A global atmospheric general circulation model is used to examine seasonal river runoff for the world's largest rivers. The model's river runoff is not directly comparable to observed runoff at the mouth of a river basin because the model assumes that all runoff within a river's drainage basin reaches the river mouth instantaneously. It is useful, however, to examine the model's monthly runoff to determine the extent to which it does agree with runoff as understood by hydrologists, The runoff and precipitation for the river drainage basins are compared with observations. For most river basins the model produces too much precipitation and runoff. However, for the world's largest river, the Amazon, the mean annual runoff is less than half the observed. A common characteristic of high‐latitude rivers is a large runoff peak in the spring, primarily due to melting snow. The model reproduces these peaks but generally leads the observed runoff by one month. This arises because the model does not allow runoff to move between grid boxes but calculates only the total monthly runoff into the entire drainage basin.
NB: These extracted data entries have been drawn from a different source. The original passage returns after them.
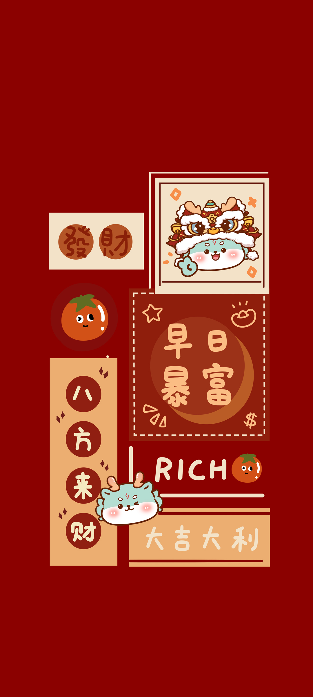 龙年发财 八方来财 早日暴富 大吉大利手机壁纸
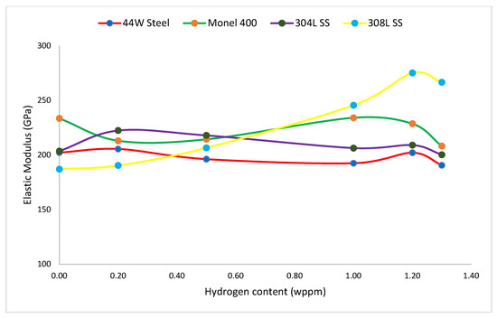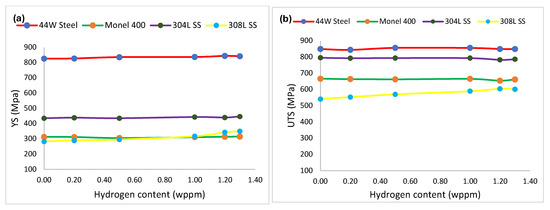Toughness was calculated as the area under the engineering stress–strain curve up to the point of fracture. To compute this area, a custom function based on the trapezoidal numerical integration method was implemented. The %elongation and toughness of the four materials under hydrogenating conditions exhibited varying behaviors: 44W steel experienced significant reductions, Monel 400 showed a relatively smaller reduction, 304L austenitic stainless steel demonstrated the highest resilience to hydrogen diffusion, and arc-DED 308L austenitic stainless steel displayed an initial reduction followed by a subsequent improvement in these properties.
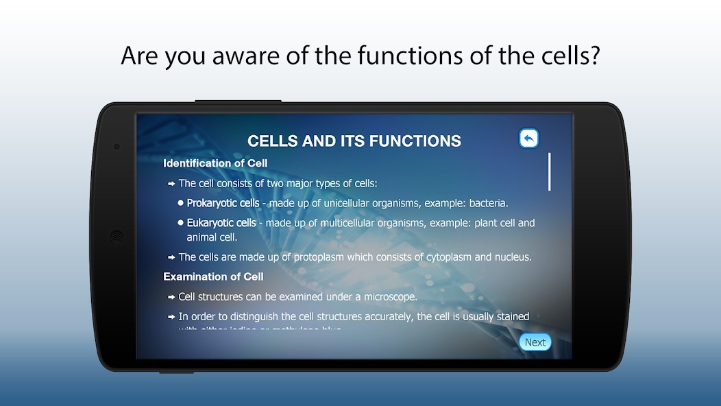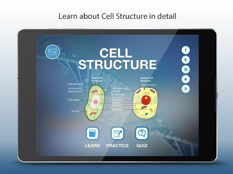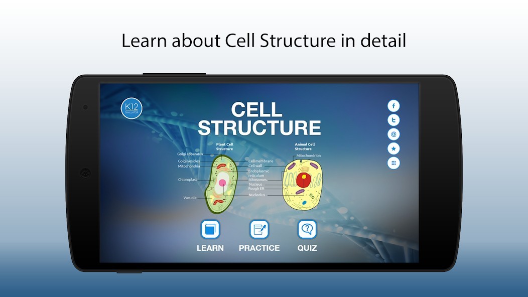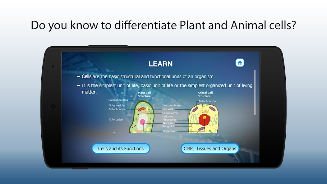 This educational application helps students understand and learn about Biology Cell Structure, plant cell structure, animal cell structure, human body organs, cell tissue, cell biology, organ system in an easy and engrossing way.
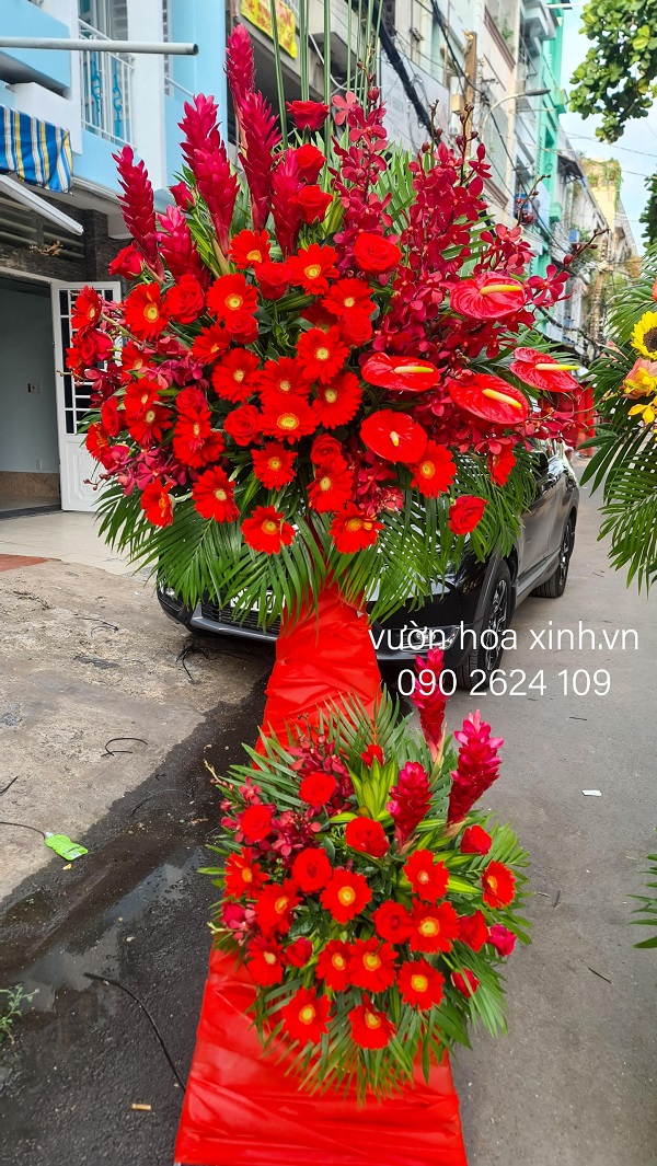 Kệ hoa khai trương, chúc mừng tông đỏ rực rỡ, may mắn
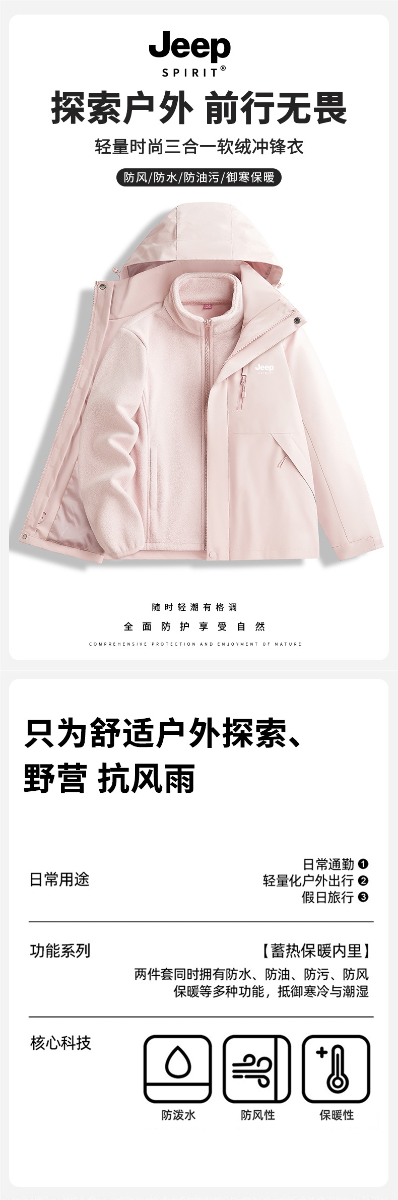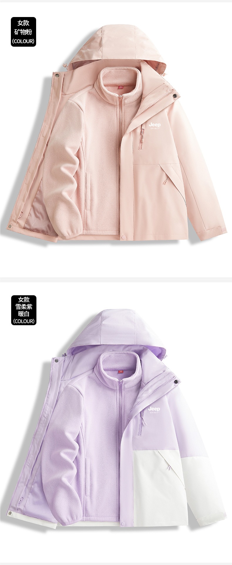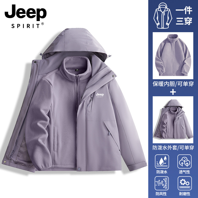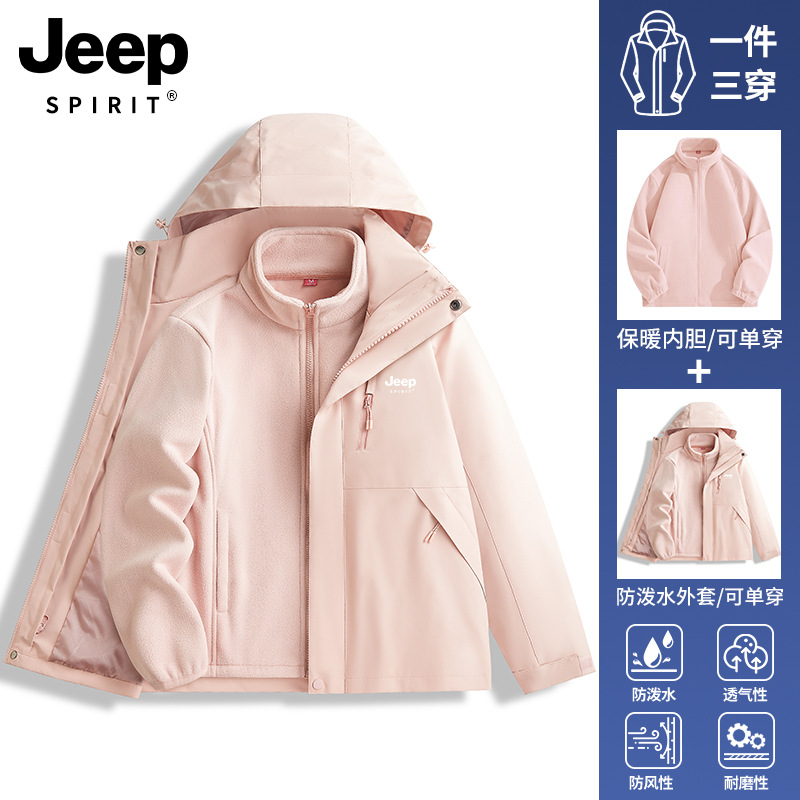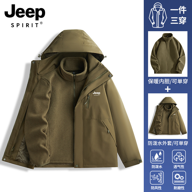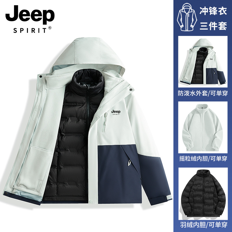 JEEP SPIRIT 폭행 의류 면화 패딩 재킷 여성의 겨울 2024 새로운 3 대 1 기모 면화 패딩 스키 두꺼운 코트
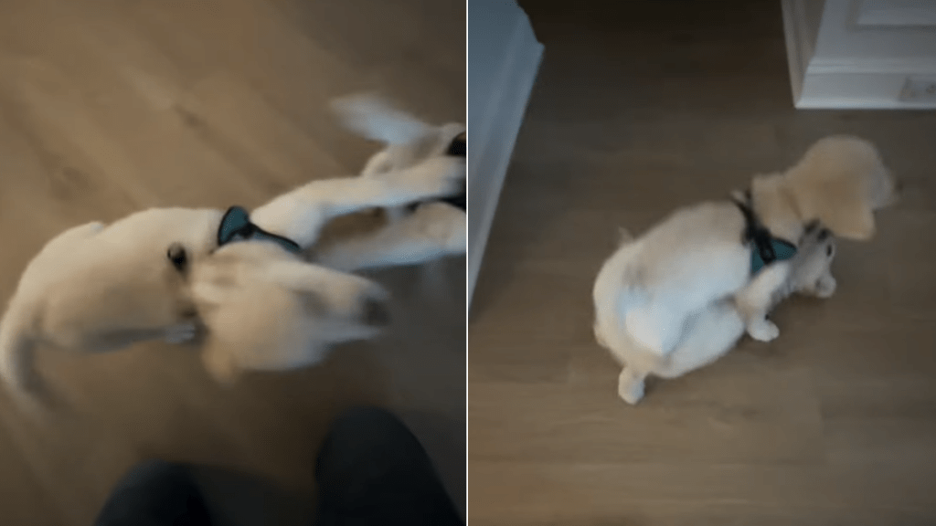 The video opens with the owner setting the phone down near the ground, as if he plans to tie his laces and head out — but the two Golden Retriever puppies have a different plan. In the on-screen caption, the owner jokes, “You have 2 golden retriever puppies, now even tying your shoes is like this..” Meanwhile, the video’s caption calls it “Puppy chaos…”
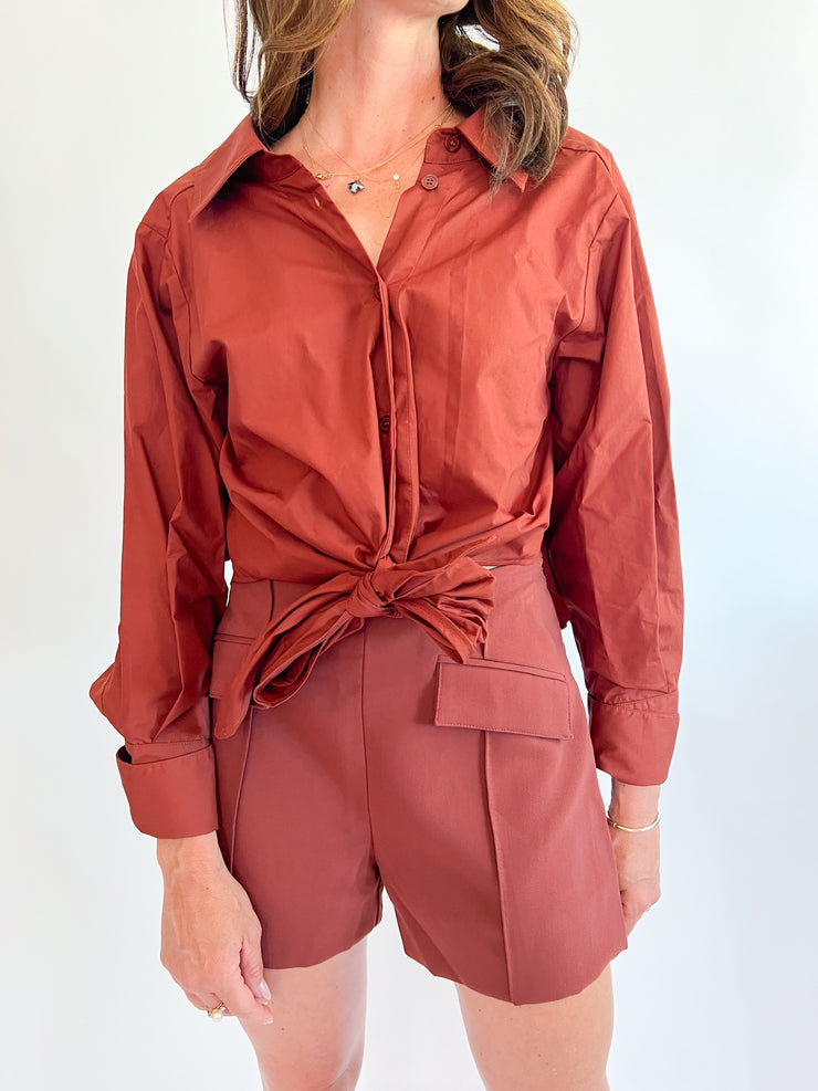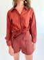The Emma Long Sleeve Top is a versatile wardrobe essential featuring a classic button-down design and a crisp collar. Its long sleeves add a touch of elegance, while the unique styling allows you to wear it as a chic front tie or a trendy wrap shirt. Perfect for mixing and matching, this top brings effortless style and fun to any outfit.
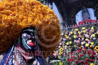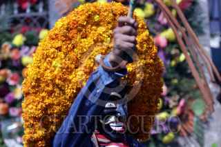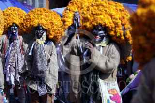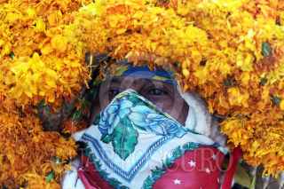 CUERNAVACA, MORELOS, 12 DICIEMBRE 2022.- Un grupo de danza de los Tlacololeros del vecino estado de Guerrero llego al chapitel del Calvario para celebrar la conmemoración numero 491 de la aparición de la Virgen de Guadalupe al indígena Juan Diego en el cerro del Tepeyac. Esta danza que tiene su origen en la región centro del estado de Guerrero y que se practica desde hace mas de 200 años, representa el esfuerzo que hacen los campesinos para sacar adelante sus cosechas, los atavíos que usan son muy coloridos, destacándose un sombrero hecho con decenas de flores amarillas de cempasúchil y una mascara de color oscuro. FOTO: MARGARITO PÉREZ RETANA / CUARTOSCURO.COM
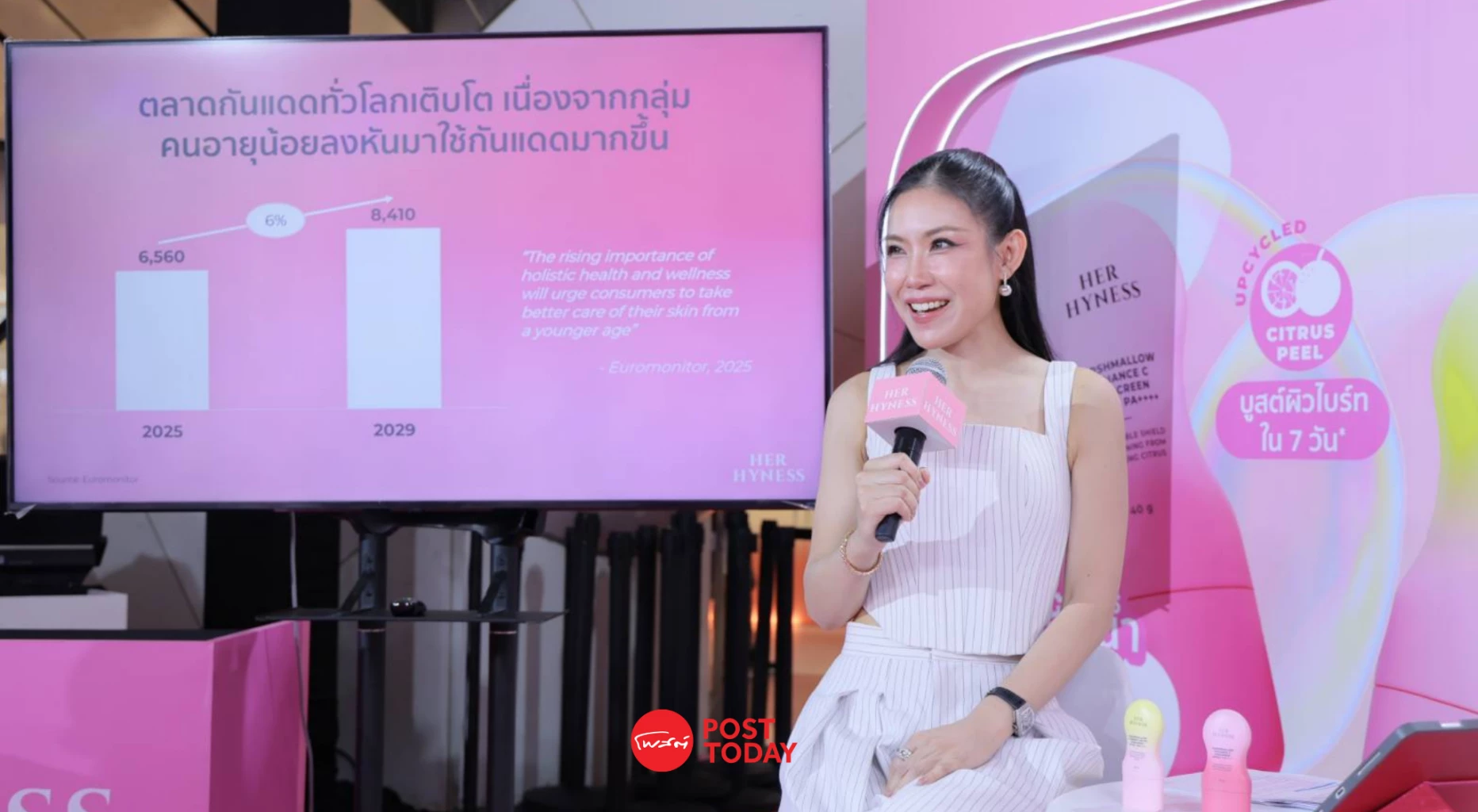 ขณะเดียวกัน Euromonitor ปี 2025 ชี้ว่าตลาด Sun Care ในไทยมีแนวโน้มเติบโตต่อเนื่อง โดยมีมูลค่า 6,560 ล้านบาทในปี 2025 และคาดว่าจะขยับขึ้นเป็น มากกว่า 8,400 ล้านบาทภายในปี 2029

The runoff in dry river basins is poorly simulated by the model, in part because the precipitation is too large but also because the model's surface parameterizations do not accurately apportion the water lost between evapotranspiration and runoff. The present version of the atmospheric model contains two soil layers and specifies the grid box runoff at each time step as a linear function of the soil moisture storage and the precipitation. A more physically based model should improve the model's simulation of river runoff. A model's ability to simulate monthly river runoff is a good test of its hydrologic cycle and surface parameterizations in different climatic regions and provides a useful diagnostic for climate modelers.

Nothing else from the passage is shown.